*Work to be completed*:
A faithful copy is needed of the lines below from the one with "Der Dom der" up to and including the one with "Lực lượng Công"; set it down with no pictures and no other lines.

*Information supplied*:

════════════════

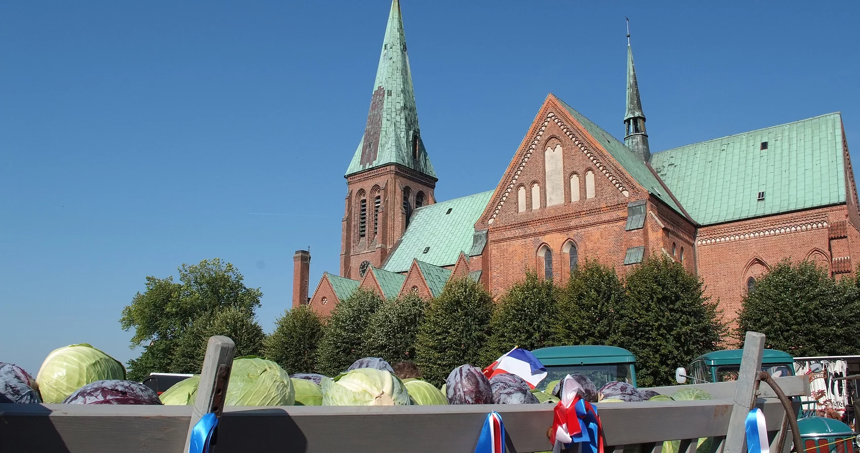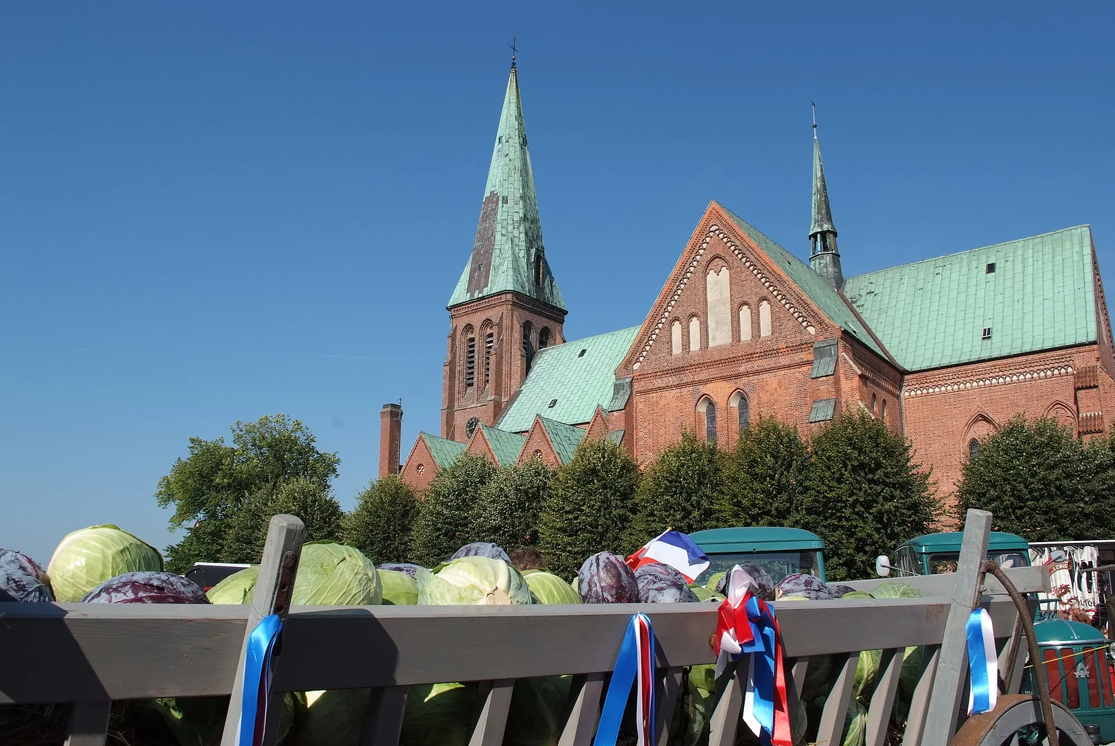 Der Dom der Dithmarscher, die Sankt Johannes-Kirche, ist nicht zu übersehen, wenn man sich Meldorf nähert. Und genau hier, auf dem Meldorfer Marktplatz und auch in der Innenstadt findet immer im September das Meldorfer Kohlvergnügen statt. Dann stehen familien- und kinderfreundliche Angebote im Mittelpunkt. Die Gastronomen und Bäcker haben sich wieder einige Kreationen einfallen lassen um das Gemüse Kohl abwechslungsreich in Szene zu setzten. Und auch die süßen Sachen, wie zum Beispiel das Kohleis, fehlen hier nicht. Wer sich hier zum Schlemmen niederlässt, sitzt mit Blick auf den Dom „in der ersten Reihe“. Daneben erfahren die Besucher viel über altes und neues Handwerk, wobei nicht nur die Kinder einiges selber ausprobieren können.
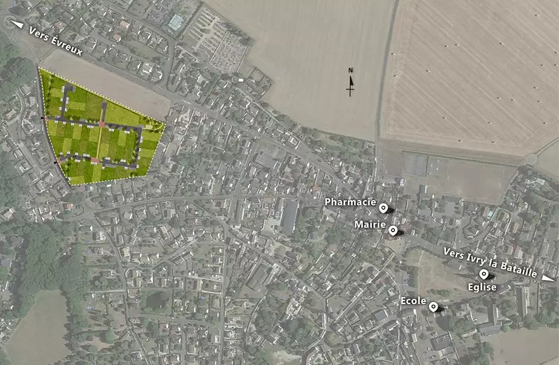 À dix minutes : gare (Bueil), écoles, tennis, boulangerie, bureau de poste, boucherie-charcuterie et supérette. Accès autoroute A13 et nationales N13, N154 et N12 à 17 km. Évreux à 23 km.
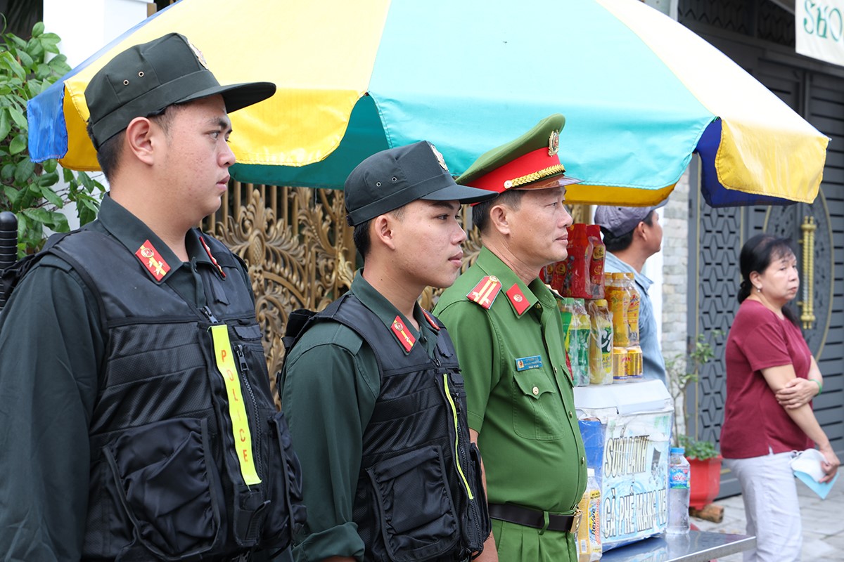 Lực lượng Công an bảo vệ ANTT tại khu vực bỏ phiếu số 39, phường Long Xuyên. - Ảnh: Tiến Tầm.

════════════════

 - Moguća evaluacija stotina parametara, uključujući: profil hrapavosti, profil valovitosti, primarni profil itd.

════════════════

*Completed exercise*:
 Der Dom der Dithmarscher, die Sankt Johannes-Kirche, ist nicht zu übersehen, wenn man sich Meldorf nähert. Und genau hier, auf dem Meldorfer Marktplatz und auch in der Innenstadt findet immer im September das Meldorfer Kohlvergnügen statt. Dann stehen familien- und kinderfreundliche Angebote im Mittelpunkt. Die Gastronomen und Bäcker haben sich wieder einige Kreationen einfallen lassen um das Gemüse Kohl abwechslungsreich in Szene zu setzten. Und auch die süßen Sachen, wie zum Beispiel das Kohleis, fehlen hier nicht. Wer sich hier zum Schlemmen niederlässt, sitzt mit Blick auf den Dom „in der ersten Reihe“. Daneben erfahren die Besucher viel über altes und neues Handwerk, wobei nicht nur die Kinder einiges selber ausprobieren können.
 À dix minutes : gare (Bueil), écoles, tennis, boulangerie, bureau de poste, boucherie-charcuterie et supérette. Accès autoroute A13 et nationales N13, N154 et N12 à 17 km. Évreux à 23 km.
 Lực lượng Công an bảo vệ ANTT tại khu vực bỏ phiếu số 39, phường Long Xuyên. - Ảnh: Tiến Tầm.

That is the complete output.